Un genre : le psycho-thriller
Jusqu’à Body Double en 1984, la plupart des films de De Palma appartiennent au genre psycho-thriller, porté à maturité par Alfred Hitchcock en 1960 avec Psychose. « Psycho », parce que le meurtrier souffre souvent de troubles psychiques graves ; « thriller » car le héros depalmien est immanquablement une victime potentielle et doit sans cesse faire preuve de son innocence, thème hithcockien par excellence. Même Scarface, variation écarlate du film homonyme de Howard Hawks (1931), qu’il signe en 1983, vire au psycho-thriller tant son héros, Tony Montana (Al Pacino), est gagné par la paranoïa et fait peser sur ses proches une menace permanente.

Thèmes de prédilection
De 1984 à 1992, Brian De Palma s’éloigne provisoirement du genre, même s’il continue d’approfondir ses thèmes de prédilection.
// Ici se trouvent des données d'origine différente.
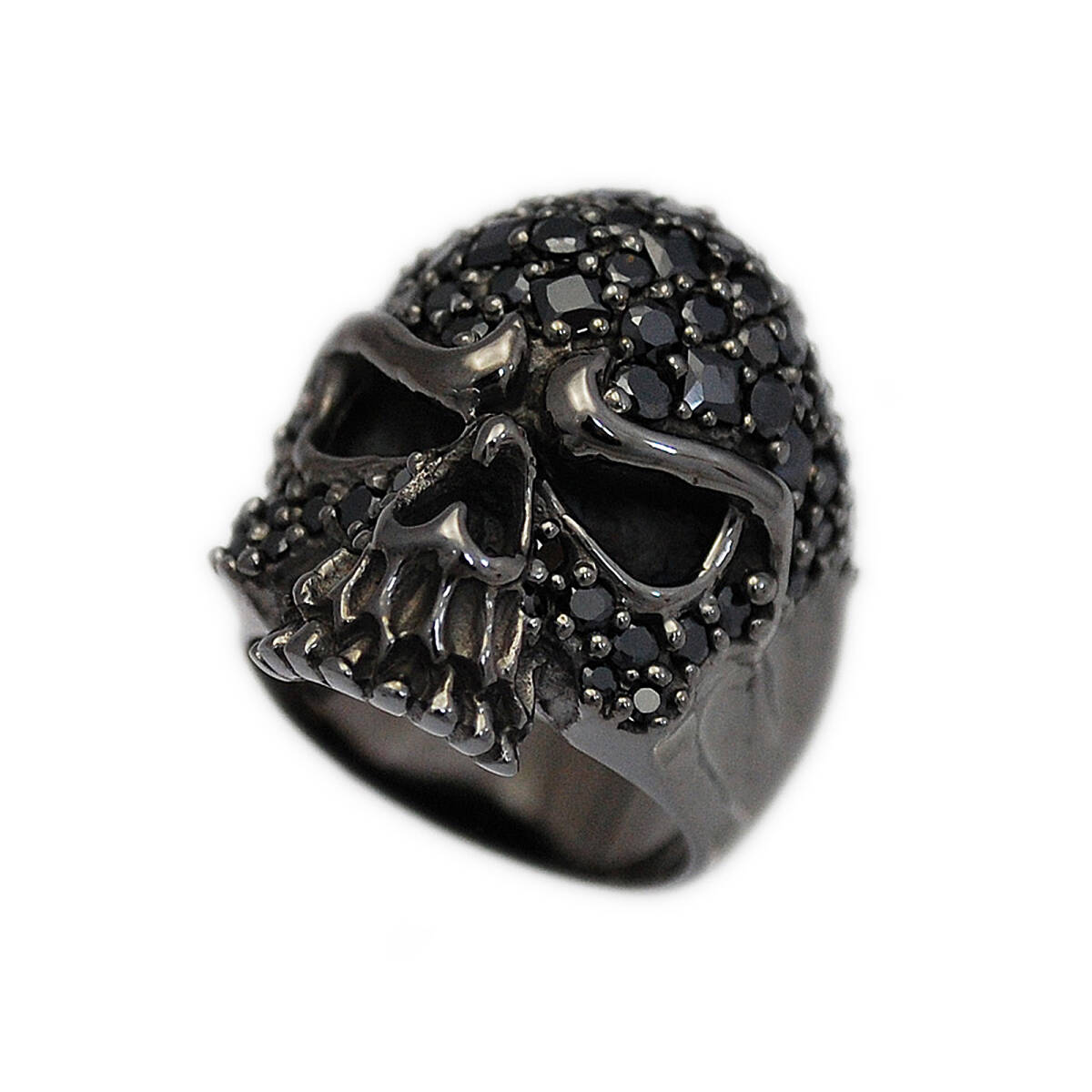 - 20号 スカルドクロブラックロジウムメッキ925シルバーリング 925刻印あり HI-R07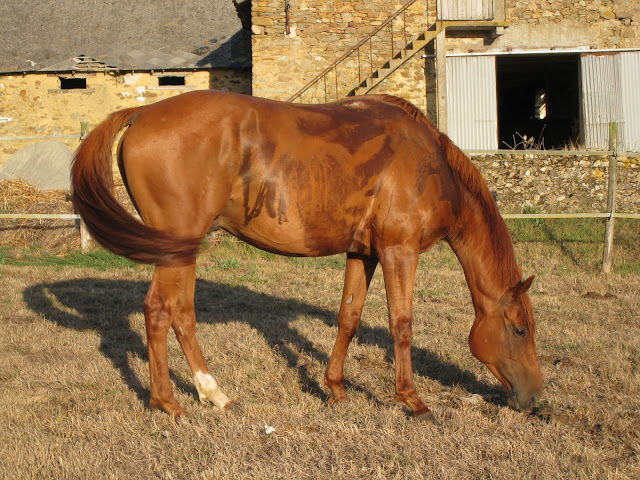 Déconnecté | Bon apres 6 mois de tranquilité de santé (sauf la petite frayeur apres un TREC) Môsieur Opige a un poteau sur son postérieur blanc ... Et il a rien pas de boiterie, pas de douleur !! Ca a commencé par le jarret ce matin donc un sachet d'équipalazone avec la ration et ce soir c'était descendu sur le canon et ca commencait a prendre le boulet donc on lui a mis deux sachets de ... je sais plus !! Enfin bref + douche + argile avec teinture mère d'arnica !! Demain matin on douche, on prend la température (rien ce soir) et on remets arnica + argile ... Je pense a un coup de pied de son copain mais pas de trace ... donc on va voir comment ca évolue ... |

Il adapte d’abord les aventures « prohibées » d’Elliot Ness (Les Incorruptibles), donne sa propre version de la guerre du Viêtnam (Outrages avec Michael J. Fox et Sean Penn), puis porte à l’écran un best-seller de Tom Wolfe (Le bûcher des vanités avec Tom Hanks, Melanie Griffith et Bruce Willis). À l’exception d’Outrages et du Bûcher, tous les films de De Palma se présentent comme des variations de grands classiques du cinéma, en priorité ceux d’Alfred Hitchcock, son maître. Pulsions et Obsessions travaillent autour de Vertigo, Body Double prend comme point de départ Fenêtre sur cour, tandis que Blow Out décalque l’argument initial du Blow Up de Michelangelo Antonioni (1967). Du cinéaste allemand Fritz Lang, De Palma a surtout retenu l’obsession du contrôle et de la manipulation, qui se traduit par le comportement systématiquement voyeuriste de ses héros, à l’image de ses bad guys (Swann dans Phantom of the Paradise, Childress dans Furie, Travolta dans Blow Out), versions modernes du Docteur Mabuse.

Le réseau avant l'heure
Une chose est sûre, dans les films de Brian De Palma, les individus ne cessent de se surveiller, de s’épier, via une armada de systèmes de contrôle et de caméras de surveillance. Même Tony Montana dans Scarface finira ses jours prostré dans un bunker entouré de moniteurs vidéo. Mais depuis l'échec de Femme fatale (2002), avec Antonio Banderas et Rebecca Romjin, De Palma peine à retrouver son souffle tant ses thèmes de prédilection sont aujourd'hui réels avec cette profusion de réseaux sociaux épieurs. Son dernier film, Passion, est annoncé dès demain 13 février au cinéma. Un film chaud comme la braise et manipulateur à souhait avec Rachel McAdams et Noomi Rapace.